無骨な無垢材を使いましょう、ビンテージ感のある素材を使いましょう、レザーとアイアンを使いましょうなどなど。参考にはなるのですが、なんだか違和感があるような気がします。
カフェといったら色んなカフェがあるはずなのに、解説を見るとなぜか特定のインテリアスタイルだけを指しているように感じます。無骨な素材でビンテージ感を演出した、まるで工場・倉庫みたいな部屋。それってただのインダストリアルスタイルじゃないの?
そうなんです。インテリアの世界では、この世のすべてのカフェではなく、アメリカ由来のインダストリアルスタイルのカフェを再現することを「カフェ風インテリア」と呼ぶことが多いのです。
フレンチカフェだとか、モダン風カフェだとか、ちょろっと触れられていることもあるけどオマケ程度。明らかにインダストリアル風カフェの割合が多いのです。どうしてそんなことが起きてしまうのでしょうか?
◆発端となったのは平成カフェブーム

カフェって食事メニューも内装も素敵だなあ。じゃあこれを自宅にも取り入れられたら最高なんじゃないか。そんな発想から生まれたのが、カフェ風インテリアです。

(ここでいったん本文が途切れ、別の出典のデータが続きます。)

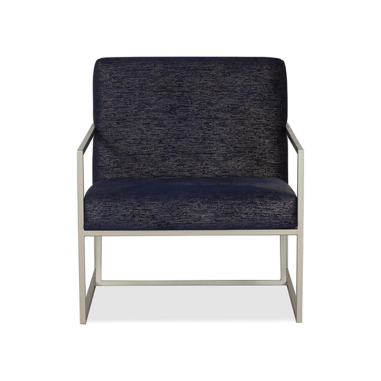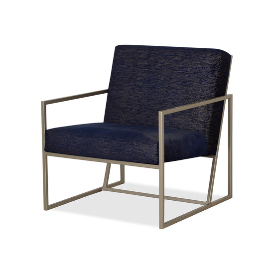 Poltrona estilo moderno de asiento cómodo, amplio y profundo con base elaborada en acero en acabado champaña. Diseñada para su sala de estar o dormitorio.

自宅でカフェメニューを作ってみよう。自宅の内装もカフェっぽくしてみよう。ファッションのブームと比べるとささやかな規模ですが、インテリアの世界でも、自宅でカフェみたいな暮らしを再現するのが流行したんです。おうちカフェ、なんて言葉も生まれて雑誌もたくさん特集記事を出しました。
この平成カフェブームの中で、特に人気になったのがアメリカ発のインダストリアル風カフェでした。当時のカリスマ的な人気カフェ「バワリーキッチン」もアメリカ系インダストリアルのカフェですし、ちょうどこの時期に日本1号店を出店した「スターバックス」もアメリカルーツのカフェですね。
どうせ再現するのなら人気のあるカフェを真似したいものです。当時はこういった、アメリカンでインダストリアルなカフェが大人気だったので、それを参考にしたインテリアコーディネートがカフェ風のお手本として定着していきました。
平成カフェブームに起因した、インダストリアルなカフェを自宅でマネするスタイルのこと……これをカフェ風インテリアと呼んでいたのがそもそもの発端なので、今でもイメージされるスタイル像に偏りがあるわけですね。
◆インテリア雑誌は何を解説しているのか?

無骨な木材を使いましょう、ビンテージ感を出しましょう、レザーとアイアンを使いましょう。そんな解説は、ベースとなるインダストリアルらしさの作り方を話題にしているわけです。
ネイティブ柄が相性ヨシ、デニム生地も合いますよ、アルファベットの書かれたチョークアートもおすすめです。そんな解説は、アメリカっぽい要素を加えてみましょうという提案をしているわけです。
コーヒー豆を保管する麻袋を収納に使ってみましょう、マグカップをペン立てに使ってみましょう、ピクルス容器を小物入れに使ってみましょう。そんなアイディアは、カフェという飲食店らしいフードモチーフを取り入れてみましょうと言っているわけです。暗号の解読みたいですね。
これが読み取れるようになると、知識の吸収効率がグッと良くなります。平成っぽいカフェ風インテリアを作りたいときはもちろん参考にできるし、平成っぽくしたくない場合も上手に避けることができるようになりますよ。